И все же в какой-то необъяснимой роковой расслабленности я сидел еще секунды три. Что меня держало?…
А когда я размахнулся, чтобы швырнуть катапульту, она исчезла из пальцев.
Исчезли и наручники.
Вместо эпилога
Патефон в ромашках
1
Итак, наручники исчезли. Катапульта тоже.
А больше ничего не случилось.
Только бетонный забор, что серел перед нами, оказался теперь из досок. Но, возможно, таким он здесь и был, я точно не помнил.
Мы с Петькой посмотрели друг на друга. Потом себе на руки. Потом снова друг на друга.
Петька встал. Потянул из-под меня куртку.
— Пошли.
Я тоже встал.
— Выходит, ничего не случилось, Петушок…
Он глянул удивленно. Однако согласился:
— Конечно… А что должно было случиться?
«Ох и вредина!» — подумал я. Но без досады, лениво так.

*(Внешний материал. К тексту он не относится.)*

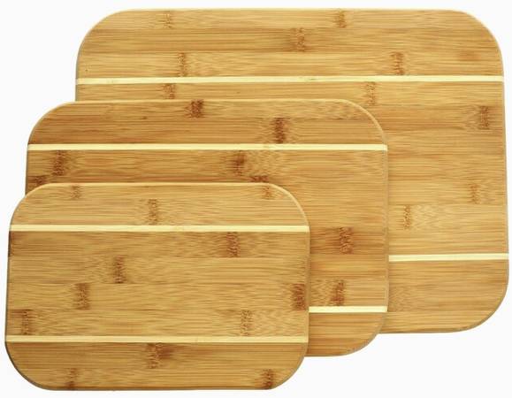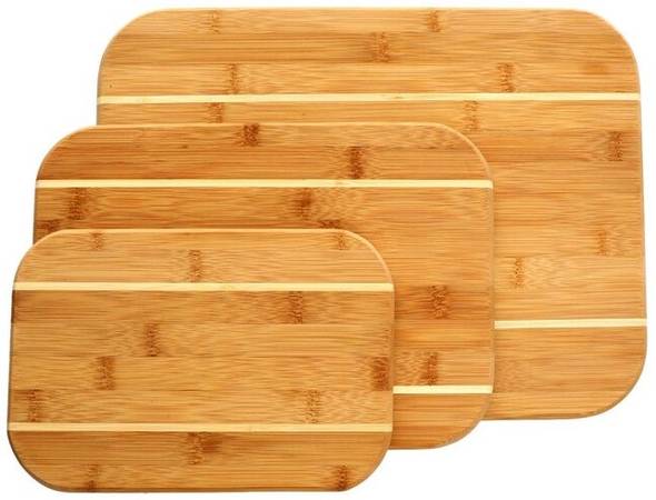 The Dewport 3-Piece Bamboo Cutting Board Set features three lightweight bamboo boards for all your cutting needs . The cutting boards come in 3 different sizes for a variety of food preparation, providing flexibility in the kitchen in one complete set. This set is great for using in the kitchen and protecting your tables and counter tops. Bamboo is dense enough to resist knife scarring and water penetration, eliminating the risk of bacteria forming in your cutting board, warping or cracking. This set is a beautiful addition to any kitchen.
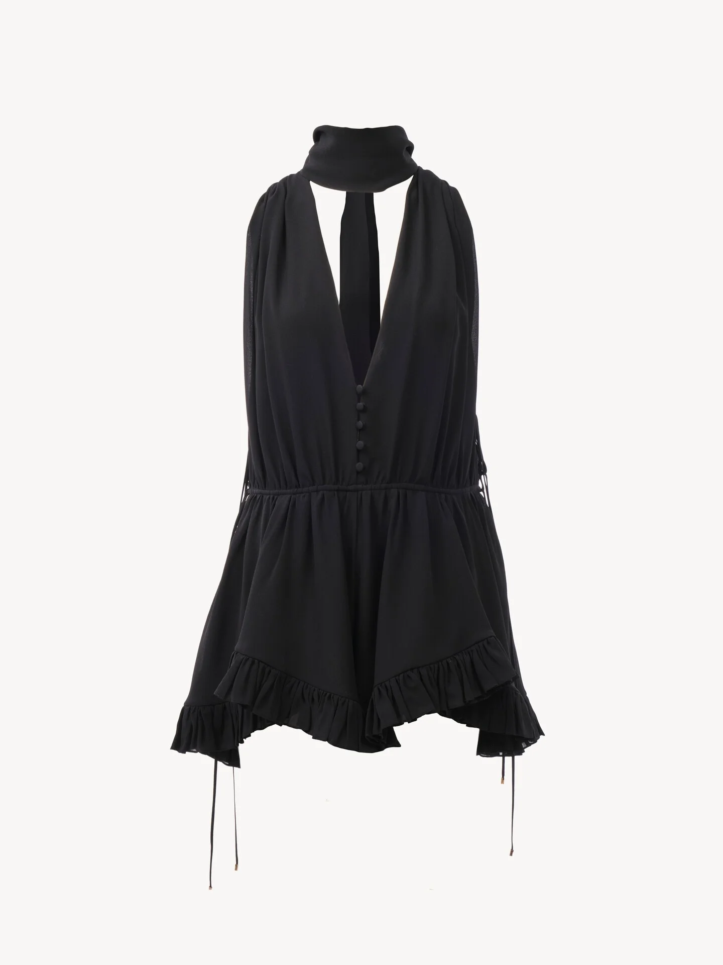 DESCRIPTION Deep V-neck ruffled jumpsuit in organic silk georgette with a scarf tied at the back. Ruffle trims detail the hem, while the drawstring waist features dangling ties finished with gold-tone metal tips. PRODUCT DETAILS Ruffled jumpsuit outer shell: 100% Silk Buttons: 100% Mother-of-pearl Fit: fluid - The model is 5'10" (178 cm) and wears a prototype in size 36 - Sleeveless jumpsuit - Fabric-covered buttons at front - Mother-of-pearl buttons at back - Drawstring waist with hammered metal tips - Integrated scarf tied at back Organic silk manufacturing restricts the use of pesticides, insecticides or harsh chemicals and incorporates methods that respect biodiversity, improve soil quality and reduce water consumption. Color: Black Item code: CH25ASL02117001 CARE INSTRUCTIONS To preserve the integrity of your garment, please refrain from washing, entrusting its care to professional cleaning services for optimal maintenance. This garment cannot withstand any bleaching agent. To maintain its shape, gently iron this garment at a maximum sole plate temperature of 110°C, taking care to avoid any harsh pressure while ironing. Entrust this garment to a specialist for mild cleaning with tetrachloroethylene and solvent F, ensuring its delicate nature is maintained with the most care. To maintain its delicate nature, do not wet clean this garment. To best preserve its form and texture, please do not tumble dry this garment. TRACEABILITY Better traceability is central to improving our materials as well as social and environmental practices. Dyeing: Italy Finishing: Italy Weaving: Italy
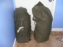 A duffel bag, duffle bag, or kit bag is a large bag made of natural or synthetic fabric (typically canvas), historically with a top closure using a drawstring.[1] Generally a duffel bag is used by non-commissioned personnel in the military, and for travel, sports and recreation by civilians.[2] When used by sailors or marines a duffel is known as a seabag. A duffel's open structure and lack of rigidity makes it adaptable to carrying sports gear and similar bulky objects.
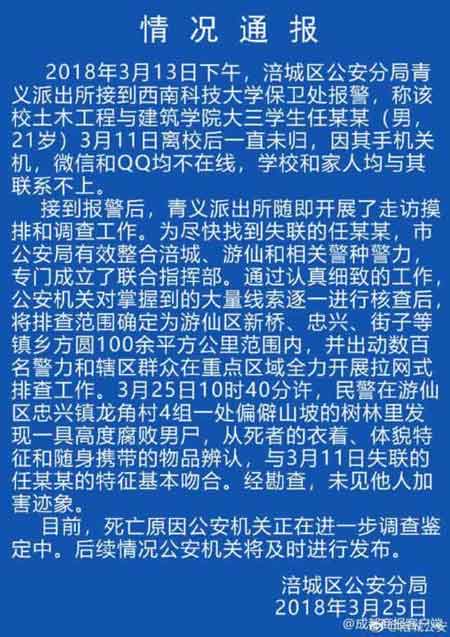 警方通报称:2018年3月13日下午,涪城区公安分局青义派出所接到西南科技大学保卫处报警,称该校土木工程与建筑学院大三学生任某某(男,21岁)3月11日离校后一直未归,因其手机关机,微信和QQ均不在线,学校和家人均与其联系不上。
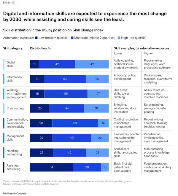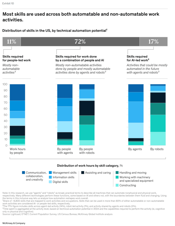 "Mer än 70 procent av de färdigheter som arbetsgivare efterfrågar idag används redan både i automationsbara och icke-automationsbara delar av arbetet."
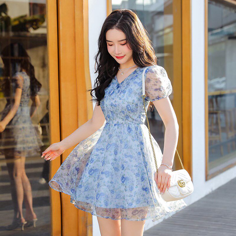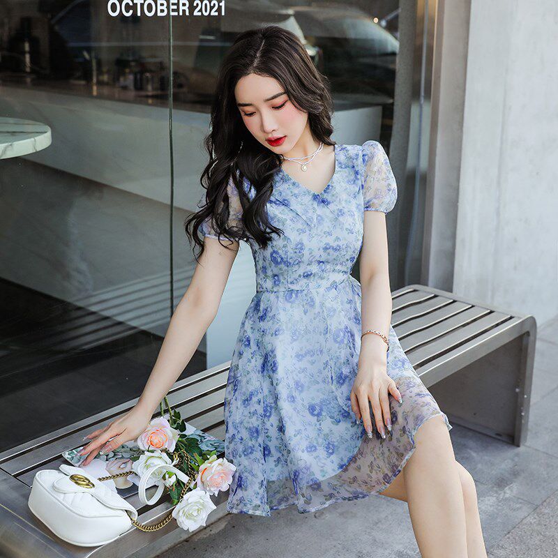 蓝色碎花雪纺矮小个子连衣裙2025新款夏装显高显瘦高级感气质裙子

Мы пошли между складом (который был вроде бы и не склад, а заброшенная кирпичная мельница) и забором. Тропинка вывела нас на пустырь, широкий, как луг. За ним поднимался наш город со знакомыми колокольнями, башнями, арочными мостами над Большими Оврагами (по мостам вверх-вниз бежали цветные вагончики).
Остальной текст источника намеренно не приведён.